▶ [Instructions to follow]:
Your response should be the complete set of records, reproduced exactly.
========================================
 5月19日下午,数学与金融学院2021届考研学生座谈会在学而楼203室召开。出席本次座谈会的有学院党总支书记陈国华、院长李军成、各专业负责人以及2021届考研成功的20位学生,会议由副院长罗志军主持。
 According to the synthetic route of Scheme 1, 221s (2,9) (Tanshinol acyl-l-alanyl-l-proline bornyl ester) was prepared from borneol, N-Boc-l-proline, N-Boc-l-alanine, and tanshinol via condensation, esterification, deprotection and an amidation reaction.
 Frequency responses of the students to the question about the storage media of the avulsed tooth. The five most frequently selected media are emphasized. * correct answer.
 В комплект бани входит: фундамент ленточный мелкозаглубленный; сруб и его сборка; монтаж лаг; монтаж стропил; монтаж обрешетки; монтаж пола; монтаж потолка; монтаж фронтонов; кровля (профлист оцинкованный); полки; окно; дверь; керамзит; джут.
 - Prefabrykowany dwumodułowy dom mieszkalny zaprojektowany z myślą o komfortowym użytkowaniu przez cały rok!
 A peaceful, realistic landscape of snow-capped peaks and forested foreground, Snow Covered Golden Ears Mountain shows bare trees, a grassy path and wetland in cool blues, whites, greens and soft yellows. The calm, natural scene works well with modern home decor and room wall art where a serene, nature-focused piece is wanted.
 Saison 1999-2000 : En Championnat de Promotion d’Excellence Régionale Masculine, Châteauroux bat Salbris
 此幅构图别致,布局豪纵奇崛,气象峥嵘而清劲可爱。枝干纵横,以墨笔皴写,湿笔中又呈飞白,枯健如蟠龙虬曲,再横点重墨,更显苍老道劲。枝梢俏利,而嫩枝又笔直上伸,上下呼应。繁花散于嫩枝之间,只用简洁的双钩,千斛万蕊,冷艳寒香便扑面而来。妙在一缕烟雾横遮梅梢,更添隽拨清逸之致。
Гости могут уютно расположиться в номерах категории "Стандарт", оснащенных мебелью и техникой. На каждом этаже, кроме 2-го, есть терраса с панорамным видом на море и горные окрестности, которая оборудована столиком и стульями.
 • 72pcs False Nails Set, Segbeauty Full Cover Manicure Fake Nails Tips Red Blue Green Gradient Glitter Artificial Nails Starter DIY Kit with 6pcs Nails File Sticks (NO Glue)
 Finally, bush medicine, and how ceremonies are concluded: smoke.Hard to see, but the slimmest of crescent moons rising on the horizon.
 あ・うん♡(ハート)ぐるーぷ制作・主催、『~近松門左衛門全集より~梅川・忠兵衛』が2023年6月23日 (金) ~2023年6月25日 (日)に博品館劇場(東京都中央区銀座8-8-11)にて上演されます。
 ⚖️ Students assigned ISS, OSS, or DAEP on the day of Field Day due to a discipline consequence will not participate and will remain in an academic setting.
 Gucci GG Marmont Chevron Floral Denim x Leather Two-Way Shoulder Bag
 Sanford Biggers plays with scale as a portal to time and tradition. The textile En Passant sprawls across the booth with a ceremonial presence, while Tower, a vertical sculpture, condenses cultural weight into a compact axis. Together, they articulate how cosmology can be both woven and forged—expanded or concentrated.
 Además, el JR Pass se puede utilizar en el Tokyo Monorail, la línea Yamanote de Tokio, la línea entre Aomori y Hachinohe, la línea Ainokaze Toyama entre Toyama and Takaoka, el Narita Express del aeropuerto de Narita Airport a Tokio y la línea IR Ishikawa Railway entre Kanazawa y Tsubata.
========================================
▶ [Solution]:
 5月19日下午,数学与金融学院2021届考研学生座谈会在学而楼203室召开。出席本次座谈会的有学院党总支书记陈国华、院长李军成、各专业负责人以及2021届考研成功的20位学生,会议由副院长罗志军主持。
 According to the synthetic route of Scheme 1, 221s (2,9) (Tanshinol acyl-l-alanyl-l-proline bornyl ester) was prepared from borneol, N-Boc-l-proline, N-Boc-l-alanine, and tanshinol via condensation, esterification, deprotection and an amidation reaction.
 Frequency responses of the students to the question about the storage media of the avulsed tooth. The five most frequently selected media are emphasized. * correct answer.
 В комплект бани входит: фундамент ленточный мелкозаглубленный; сруб и его сборка; монтаж лаг; монтаж стропил; монтаж обрешетки; монтаж пола; монтаж потолка; монтаж фронтонов; кровля (профлист оцинкованный); полки; окно; дверь; керамзит; джут.
 - Prefabrykowany dwumodułowy dom mieszkalny zaprojektowany z myślą o komfortowym użytkowaniu przez cały rok!
 A peaceful, realistic landscape of snow-capped peaks and forested foreground, Snow Covered Golden Ears Mountain shows bare trees, a grassy path and wetland in cool blues, whites, greens and soft yellows. The calm, natural scene works well with modern home decor and room wall art where a serene, nature-focused piece is wanted.
 Saison 1999-2000 : En Championnat de Promotion d’Excellence Régionale Masculine, Châteauroux bat Salbris
 此幅构图别致,布局豪纵奇崛,气象峥嵘而清劲可爱。枝干纵横,以墨笔皴写,湿笔中又呈飞白,枯健如蟠龙虬曲,再横点重墨,更显苍老道劲。枝梢俏利,而嫩枝又笔直上伸,上下呼应。繁花散于嫩枝之间,只用简洁的双钩,千斛万蕊,冷艳寒香便扑面而来。妙在一缕烟雾横遮梅梢,更添隽拨清逸之致。
Гости могут уютно расположиться в номерах категории "Стандарт", оснащенных мебелью и техникой. На каждом этаже, кроме 2-го, есть терраса с панорамным видом на море и горные окрестности, которая оборудована столиком и стульями.
 • 72pcs False Nails Set, Segbeauty Full Cover Manicure Fake Nails Tips Red Blue Green Gradient Glitter Artificial Nails Starter DIY Kit with 6pcs Nails File Sticks (NO Glue)
 Finally, bush medicine, and how ceremonies are concluded: smoke.Hard to see, but the slimmest of crescent moons rising on the horizon.
 あ・うん♡(ハート)ぐるーぷ制作・主催、『~近松門左衛門全集より~梅川・忠兵衛』が2023年6月23日 (金) ~2023年6月25日 (日)に博品館劇場(東京都中央区銀座8-8-11)にて上演されます。
 ⚖️ Students assigned ISS, OSS, or DAEP on the day of Field Day due to a discipline consequence will not participate and will remain in an academic setting.
 Gucci GG Marmont Chevron Floral Denim x Leather Two-Way Shoulder Bag
 Sanford Biggers plays with scale as a portal to time and tradition. The textile En Passant sprawls across the booth with a ceremonial presence, while Tower, a vertical sculpture, condenses cultural weight into a compact axis. Together, they articulate how cosmology can be both woven and forged—expanded or concentrated.
 Además, el JR Pass se puede utilizar en el Tokyo Monorail, la línea Yamanote de Tokio, la línea entre Aomori y Hachinohe, la línea Ainokaze Toyama entre Toyama and Takaoka, el Narita Express del aeropuerto de Narita Airport a Tokio y la línea IR Ishikawa Railway entre Kanazawa y Tsubata.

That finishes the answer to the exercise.